Saturday, August 20, 2011

Someone's In The Kitchen With Dinaaaaaaah!

Tonight's dinner was homemade tomato soup. I had a boatload of tomatoes ripen all at once in the garden, plus a few other goodies, so I looked up a couple of recipes online, then basically winged it.

Tomato Basil Soup

1 Tbsp olive oil
1/2 onion, diced
1 carrot, diced
10-12 fresh basil leaves, shredded
4 cups diced tomatoes (I used a Beefsteak, 3 Roma and maybe a dozen cherry)
6 cups chicken stock
1 cup half-and-half
salt and pepper to taste

I'm all about simplicity, so I didn't peel or de-seed the tomatoes. I also grabbed a handful of shredded carrot, chopped it and called it diced.

Heat the olive oil in a soup pot, when it's shimmering add the onion and carrot. Cook for 10 minutes or so.
Add the basil leaves, tomatoes and chicken stock. Bring to a simmer and stir occasionally for 45 minutes or so.

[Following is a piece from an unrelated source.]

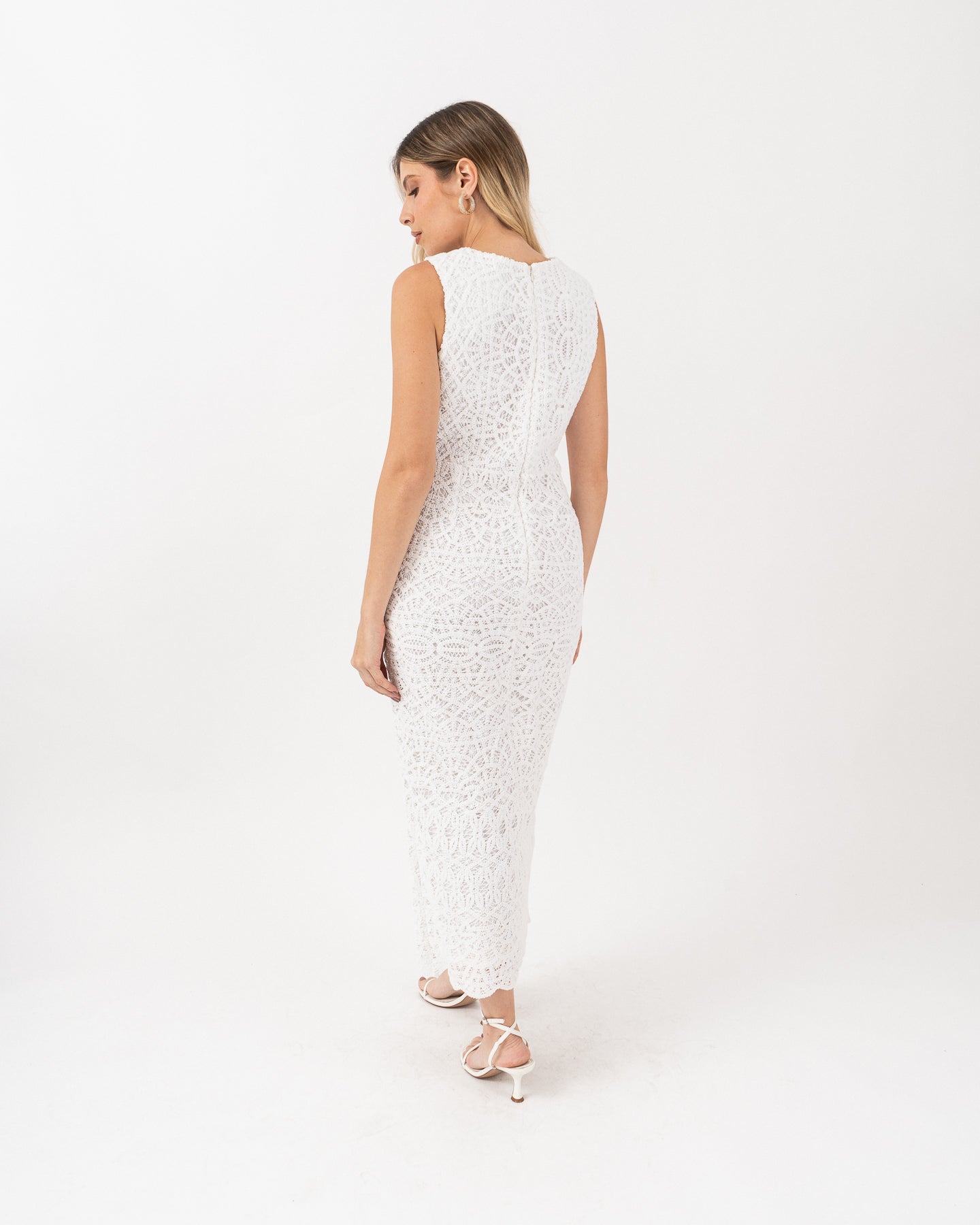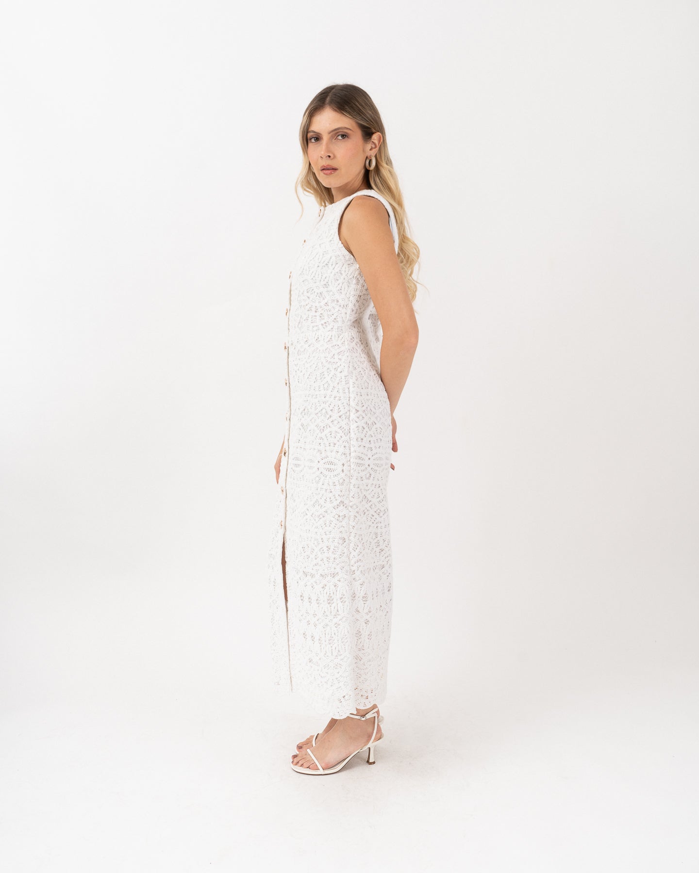 Lined dress with sleeveless sleeves and a round neckline with gold buttons in the center of a decorative pocket.

Turn off the heat and let the soup cool for a bit, then run the soup through a blender or food processor. Do it in a couple of batches if you have to.

Back on the heat to simmer. Add the half-and-half a little at a time while stirring. Don't let the soup boil.

Taste and add salt and pepper to taste. Be careful, mine wound up on the verge of too salty!